-------- GIVEN RECORDS

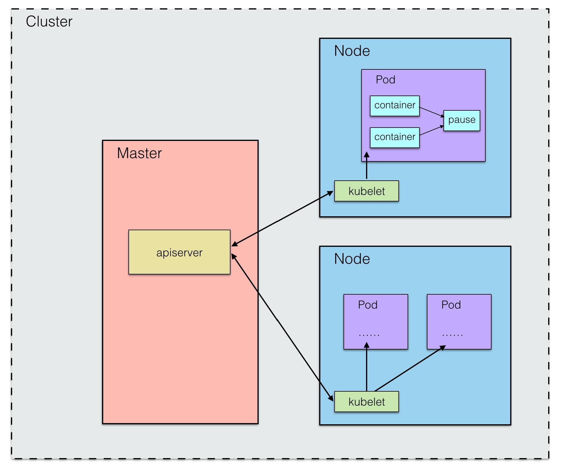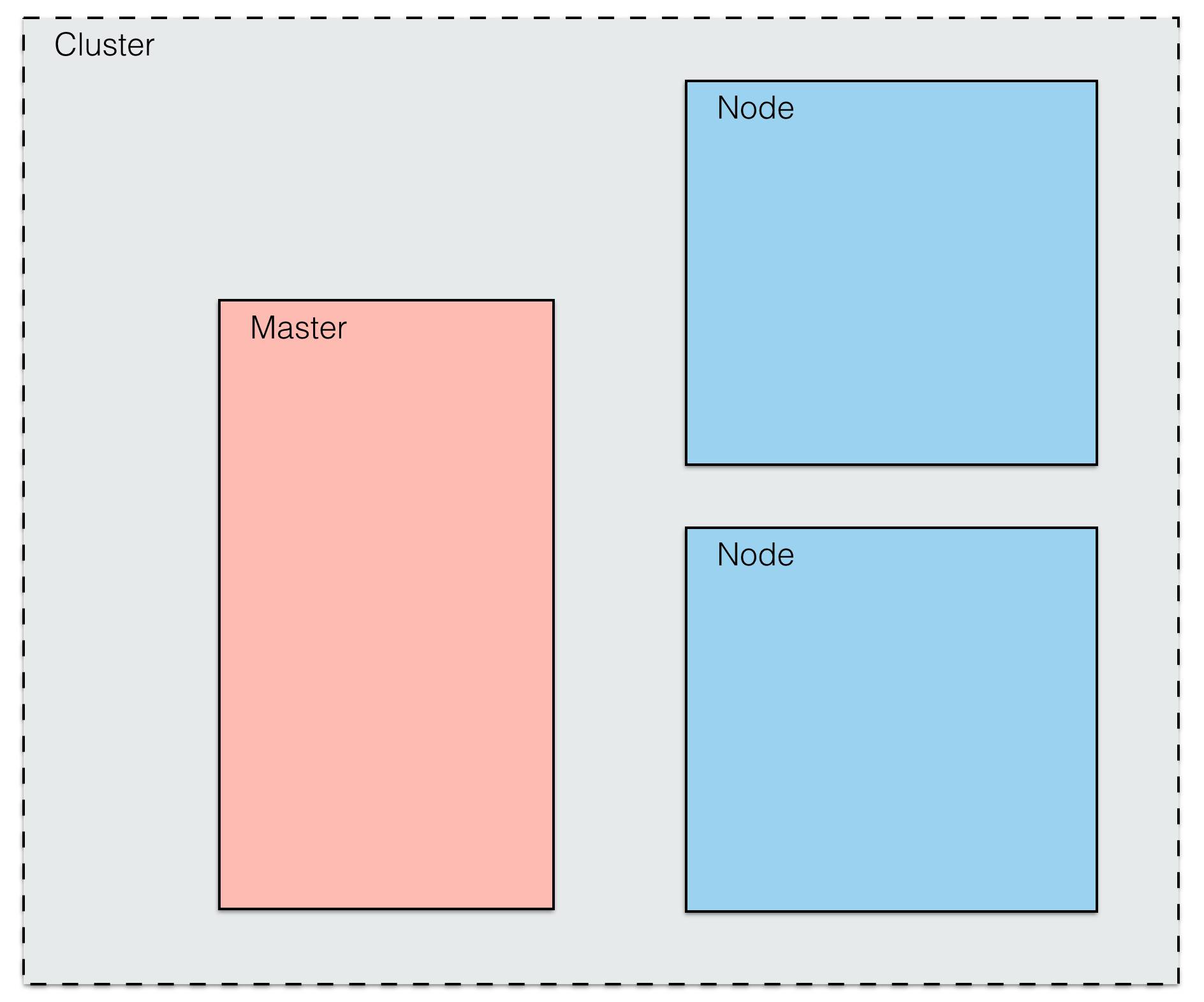 首先,既然是个分布式系统,那势必有多个 Node 节点(物理主机或虚拟机),它们共同组成一个分布式集群,并且这些节点中会有一个 Master 节点,由它来统一管理 Node 节点。
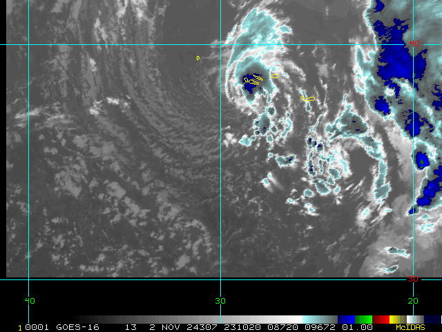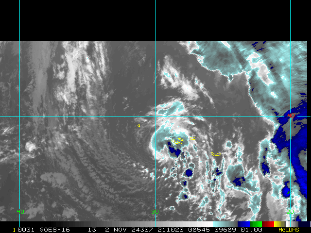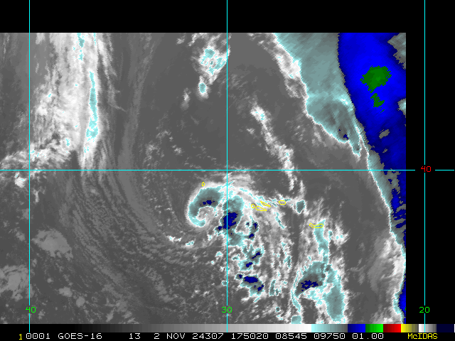 To view a loop of all images from this storm, click any of the "Loop" buttons without selecting any specific images. To select a specific range of images click an option for "Starting Image" and "Ending Image", and then click any of the "Loop" buttons.
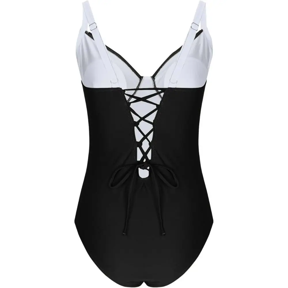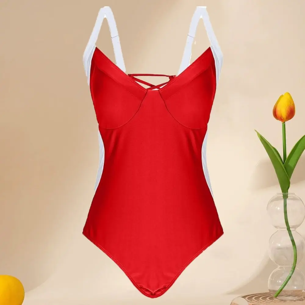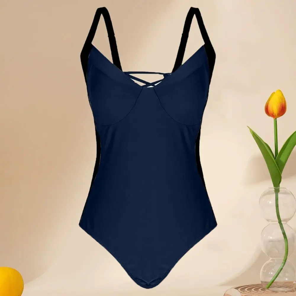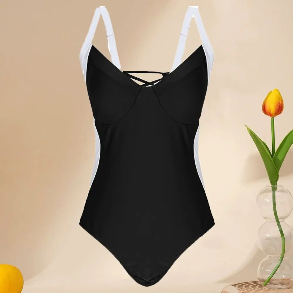 Fashion Patchwork Bodysuit Swimsuit Slim Fit Hollow Bathing Swimwear V-neck Beachwear Clothing Jumpsuit Bikini Ladies
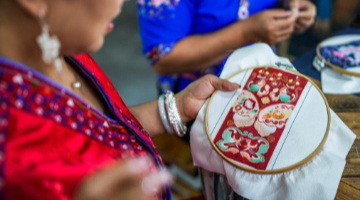 龙禄颖(中)在位于贵州省施秉县的舞水云台非遗工坊进行刺绣创作(10月10日摄)。
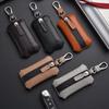 Kunstleer autosleutelhoes met doorzichtig venster sleutelhangerketting metalen haak draagbare afstandsbediening sleutelhangerhouder ritszak beschermer etui portemonnee
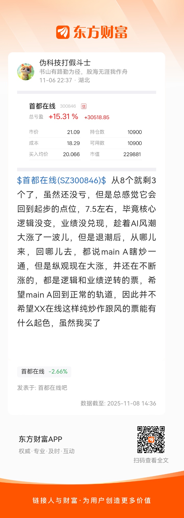 $首都在线(SZ300846)$ 从8个就剩3个了,虽然还没亏,但是总感觉它会回到起步的点位,7.5左右,毕竟核心逻辑没变,业绩没兑现,趁着AI风潮大涨了一波儿,但是退潮后,从哪儿来,回哪儿去,都说main A瞎炒一通,但是纵观现在大涨,并还在不断涨的,都是逻辑和业绩逆转的票,希望main A回到正常的轨道,因此并不希望XX在线这样纯炒作跟风的票能有什么起色,虽然我买了
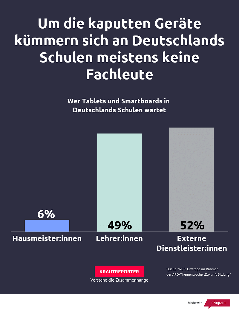 Das ist an kaum einer deutschen Schule Alltag, wie zwei neue Studien belegen. Da ist die ICILS (International Computer and Information Literacy Study) 2018, die unter anderem zeigt, dass Deutschland im internationalen WLAN-Vergleich eher eine runtergerockte Regionalbahn mit „leider defekter“ Toilette als ein moderner Schnellzug ist. In einer Umfrage des WDR haben Schulleitungen und Schüler:innen bewertet, wie gut (also schlecht) ihre Schulen ausgestattet sind. Der Digitalpakt der Bundesregierung mit seinen fünf Milliarden Euro sollte all das besser machen, die Idee ist schon über drei Jahre alt, angekommen ist davon aber bisher in der Breite nichts. Im Unterricht von Sönke Schulmeister wiederum vergeht kaum eine Stunde ohne Tablet und Beamer.

----------------

### PROBLEM TO SOLVE:
Each line above is to be copied verbatim. Drop any image from the copy.

### EXERCISE SOLUTION:
 首先,既然是个分布式系统,那势必有多个 Node 节点(物理主机或虚拟机),它们共同组成一个分布式集群,并且这些节点中会有一个 Master 节点,由它来统一管理 Node 节点。
 To view a loop of all images from this storm, click any of the "Loop" buttons without selecting any specific images. To select a specific range of images click an option for "Starting Image" and "Ending Image", and then click any of the "Loop" buttons.
 Fashion Patchwork Bodysuit Swimsuit Slim Fit Hollow Bathing Swimwear V-neck Beachwear Clothing Jumpsuit Bikini Ladies
 龙禄颖(中)在位于贵州省施秉县的舞水云台非遗工坊进行刺绣创作(10月10日摄)。
 Kunstleer autosleutelhoes met doorzichtig venster sleutelhangerketting metalen haak draagbare afstandsbediening sleutelhangerhouder ritszak beschermer etui portemonnee
 $首都在线(SZ300846)$ 从8个就剩3个了,虽然还没亏,但是总感觉它会回到起步的点位,7.5左右,毕竟核心逻辑没变,业绩没兑现,趁着AI风潮大涨了一波儿,但是退潮后,从哪儿来,回哪儿去,都说main A瞎炒一通,但是纵观现在大涨,并还在不断涨的,都是逻辑和业绩逆转的票,希望main A回到正常的轨道,因此并不希望XX在线这样纯炒作跟风的票能有什么起色,虽然我买了
 Das ist an kaum einer deutschen Schule Alltag, wie zwei neue Studien belegen. Da ist die ICILS (International Computer and Information Literacy Study) 2018, die unter anderem zeigt, dass Deutschland im internationalen WLAN-Vergleich eher eine runtergerockte Regionalbahn mit „leider defekter“ Toilette als ein moderner Schnellzug ist. In einer Umfrage des WDR haben Schulleitungen und Schüler:innen bewertet, wie gut (also schlecht) ihre Schulen ausgestattet sind. Der Digitalpakt der Bundesregierung mit seinen fünf Milliarden Euro sollte all das besser machen, die Idee ist schon über drei Jahre alt, angekommen ist davon aber bisher in der Breite nichts. Im Unterricht von Sönke Schulmeister wiederum vergeht kaum eine Stunde ohne Tablet und Beamer.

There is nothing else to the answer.